Bana dokunmayan yılan bin yaşasın diye atasözü niteliğinde bir söz vardır.
Bu söz, tıpkı:
Konuşması gerektiği halde konuşmayanlar,
Korkmaması gerektiği halde bana bir zarar gelir anlayışı ile korkak davrananlar,
Kanaat önderi olupta, yol ve yöntem göstermesi gerektiği halde bu görevi yerine getirmeyenler,
Ülkelerindeki sorunların olumlu yönden çözümü için fikir üretmesi gerektiği halde, böyle bir yola başvurmayanlar,
Özetle, ülke sorunları ile ilgilenmeleri gerektiği halde kendilerine bir zarar vermediği sanısına kapılmak suretiyle ilgilenmeyenler,
İçin söylenmiş olabilir.
Şöyle bir etrafımıza bakalım?
Dünya büyük bir ekonomik buhranın içerisinde.
Bunun üstesinden gelebilmek için ekonomistler fikir üretiyorlar, yol gösteriyorlar.
Ülkemizde de özelikle mutfakta, ekonomik yangın daha çok kendini hissettiriyor.
Bunun yanında, demokratik sistemin gereklerinin tam olarak yerine getirilmediği düşüncesinde olanların kaygıları giderek artıyor.
İşte böylesi bir ortamda, herkes kendine düşen görevi yerine getirmeli ve banane dememelidir.
İşsiz sayısında giderek bir artış var.
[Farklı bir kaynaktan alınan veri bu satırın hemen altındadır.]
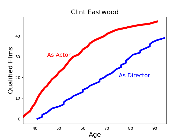 Going by this metric, Clint clears. Not only does he have the most qualifying credits, but he also has a nearly even split between acting and directing. Among the members of this list, only Woody Allen has more directing credits than Eastwood, and Allen doesn’t have nearly as many acting credits. Conversely, only Jackie Chan and (barely) Sylvester Stallone have more acting credits, and neither of them has nearly as many directing credits. (If you’re wondering where some other prominent actor-directors are—Cassavetes, John Huston, Mel Brooks, Sydney Pollack, Laurence Olivier—they didn’t quite clear the bar for top-billed qualifying movie roles or have enough total credits or popularity to join this upper echelon.)
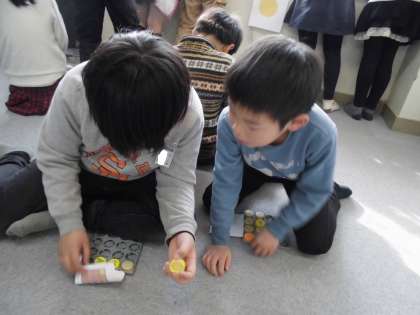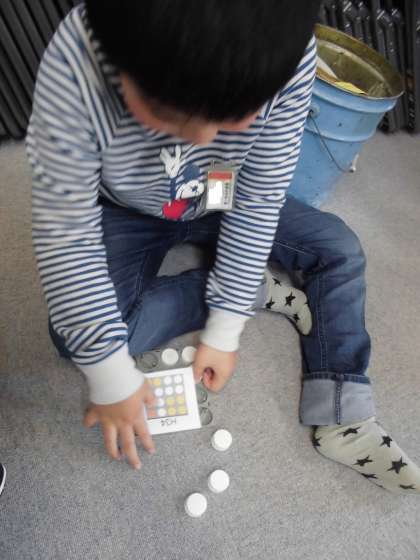 一人一枚型をもらって,そこに書いてある指示通りにキャップをはめていきます。

Bu sayının içinde diplomalı işsizler sayısı ise giderek artmaktadır.
Yurtdışında okumak için, yurtdışında çalışmak için arayışlar giderek artıyor.
Açlık ve yoksulluk sınırı içinde bulunanlar derin bir kaygı içerisindeler, geçimlerini nasıl sağlayacaklarını düşünüyor ve çıkış yolları arıyorlar.
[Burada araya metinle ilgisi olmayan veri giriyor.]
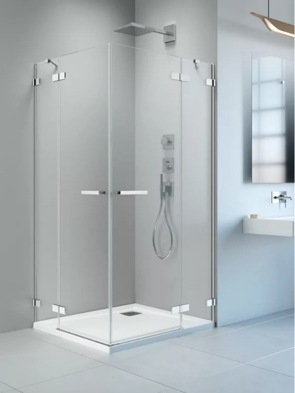 Kifelé-befelé nyíló szögletes zuhanykabin két nyílóajtóval, oldalanként fix résszel.
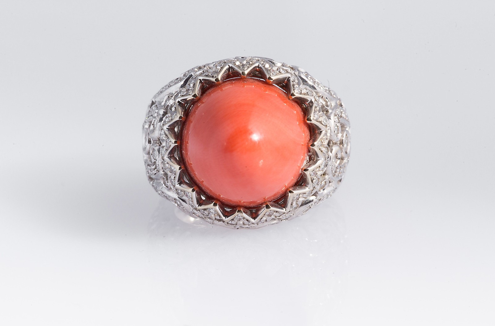 Anello in oro bianco traforato con diamanti cts 1.25 circa e corallo. . ....
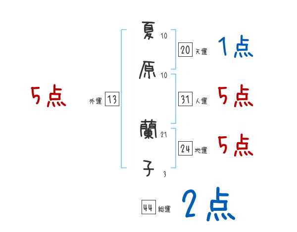 総運![]() | 夏原蘭子さんの総運は44画の2つ星!誠実で慎重な性格。物事を考えすぎないように注意しましょう。 あなたの人生を表す1番重要な運勢です。生涯を通じて影響する総合運となり、主に50歳以降の晩年期に影響を及ぼします。 |
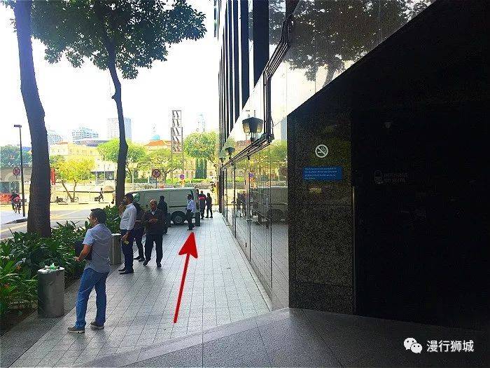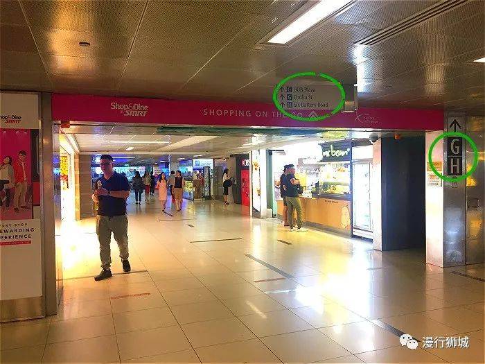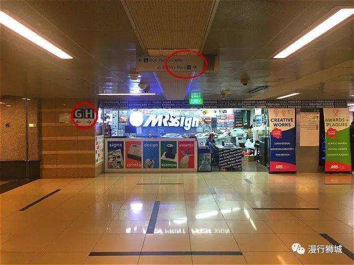 莱佛士地铁站是一个大站,道路四通八达,路口很多,上来以后先找好H口方向(注意找绿色圈的方向牌)。

Bir tarafta büyük harcama yapabilenler, öte yanda akşam evine ekmek götürebilmek için kara kara düşünenler.
Ve bunlara ek olarakta sistem arayışları.Güçlendirilmiş parlamenter sistem, kuvvetler ayrılığı ilkesi, bağımsız yargı.
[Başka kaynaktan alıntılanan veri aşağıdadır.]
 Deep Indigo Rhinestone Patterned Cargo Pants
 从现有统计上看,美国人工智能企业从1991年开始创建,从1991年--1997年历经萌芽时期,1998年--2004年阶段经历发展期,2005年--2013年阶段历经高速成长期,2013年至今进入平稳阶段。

Böylesi bir durumda elbette ki herkesin kendine düşeni yapması zorunluluk halini almış bulunmaktadır.
Kamuoyu yoklamaları bu hususları doğrular nitelikte çıkmaktadır.
Her geçen gün şikâyetlerin artmakta olduğu görülüyor ve izleniyor.
Nitekim yapılan kamuoyu araştırmaları da bu doğrultuda sonuçlar veriyor.
Böylesi bir ortamda, kimsenin banane deme hakkının ve lüksünün olmadığı kanısındayız.
Bana dokunmayan yılan bin yaşasın anlayışı derhal terk edilmelidir.
Zira bilinmelidir ki; bu anlayış sürdürüldüğü takdirde, zaman içinde kendilerine zarar vermeyen tutum ve davranış, sonunda kendilerine de büyük zararlar vermeye başlar.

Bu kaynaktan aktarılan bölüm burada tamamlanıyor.